Do I have postnatal nutrient depletion?

How can I prevent postnatal depletion?

Want to prevent the depletion occurring before birthing your baby? There are several things pregnant women can do to reduce their chance of suffering from postnatal depletion.  

  • Start with preconception care
    • Preconception care isn’t just about supporting the development of your baby. It’s also about supporting your own needs during pregnancy and preparing you for after pregnancy.
    • If timing allows, assessing your nutrient status 3-6 months before pregnancy is optimal. Work on your gut health, make sure your liver is functioning well, focus on your own mental health.
    • Investing in a balanced diet now can make a significant impact throughout your pregnancy and as a new mum. Place extra focus on your omega-3 fatty acid intake, especially DHA, protein and a wide variety of vegetables.
  • During Pregnancy
    • Making sure, where possible, you continue to eat a nutritious diet during your pregnancy is one of the best ways to avoid nutrient depletion. Again, focus on your good quality protein and healthy fat intake as well as fresh fruit and vegetables. Invest in a quality prenatal supplement and consider an omega-3 supplement.
    • It’s also important to look at your lifestyle habits in particular stress and sleep quality.  

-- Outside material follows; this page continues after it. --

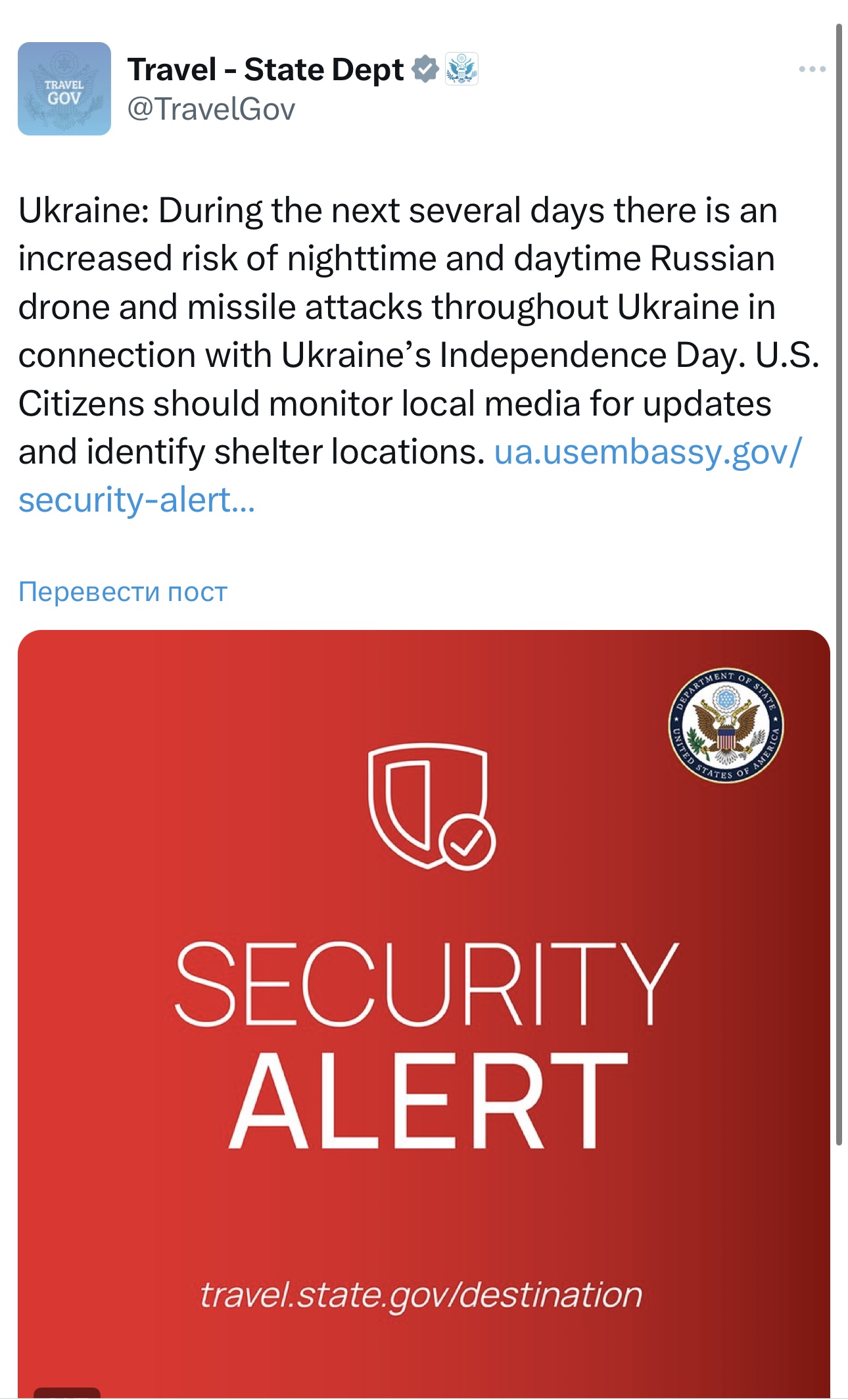 🇺🇸 Госдеп США призвал граждан в Украине определить расположение убежищ и следить за местными СМИ, в связи с повышенным риском атак «российских дронов и ракет по всей стране в связи с Днем независимости Украины».

Nourishing yourself in the first year postpartum

As you ease into motherhood, especially for first-time mums, be kind and gentle to yourself. Growing and birthing an infant is a big deal and it can sometimes take years to recover, so a little self-care goes a long way.

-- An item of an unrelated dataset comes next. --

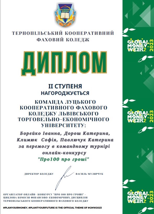 Студенти Луцького кооперативного фахового коледжу ЛТЕУ спеціальності «Фінанси, банківська справа та страхування» взяли участь в онлайн-конкурсі «Про100 про ГРОШІ», який проходив на базі Тернопільського кооперативного фахового коледжу. Наша команда зайняла почесне ІІ місце.

Continuing to keep up with the above will help to prevent nutrient depletion from occurring. There are additional lifestyle and dietary habits you can adopt if you’re starting to feel exhaustion or “baby brain” creeping in. 

  • Rest. Avoid entertaining too many visitors in the early days and prioritise your sleep to support your body’s recovery and repair. 
  • Eat a balanced, nutrient-dense diet. It can be difficult preparing nourishing meals when you’re a new mother, however, it’s vital for recovery post-pregnancy, especially if you are breastfeeding. 
  • Assess your nutrient status, particularly iron, zinc, vitamin C and vitamin D and hormone profile for deficiencies or imbalances. 
  • Look after your gut. Consume probiotic and prebiotic-rich food or choose a good quality probiotic supplement. 
  • Spent 15 minutes a day outdoors in the fresh air and sunshine, exposing your arms and legs to boost your stores of vitamin D. 
  • Reduce your liver-loaders like caffeine, alcohol and refined sugar, to support your hormones and encourage optimal detoxification.
  • Add gentle movement into your day such as walking around the block pushing the pram or some quiet stretching while your baby is sleeping.
  • Reach out for help. If you’re feeling stressed or mentally or physically depleted, ask for help. Outsource your shopping, ask for someone to help run a few errands or to babysit for a short period of time so you can have a breather.  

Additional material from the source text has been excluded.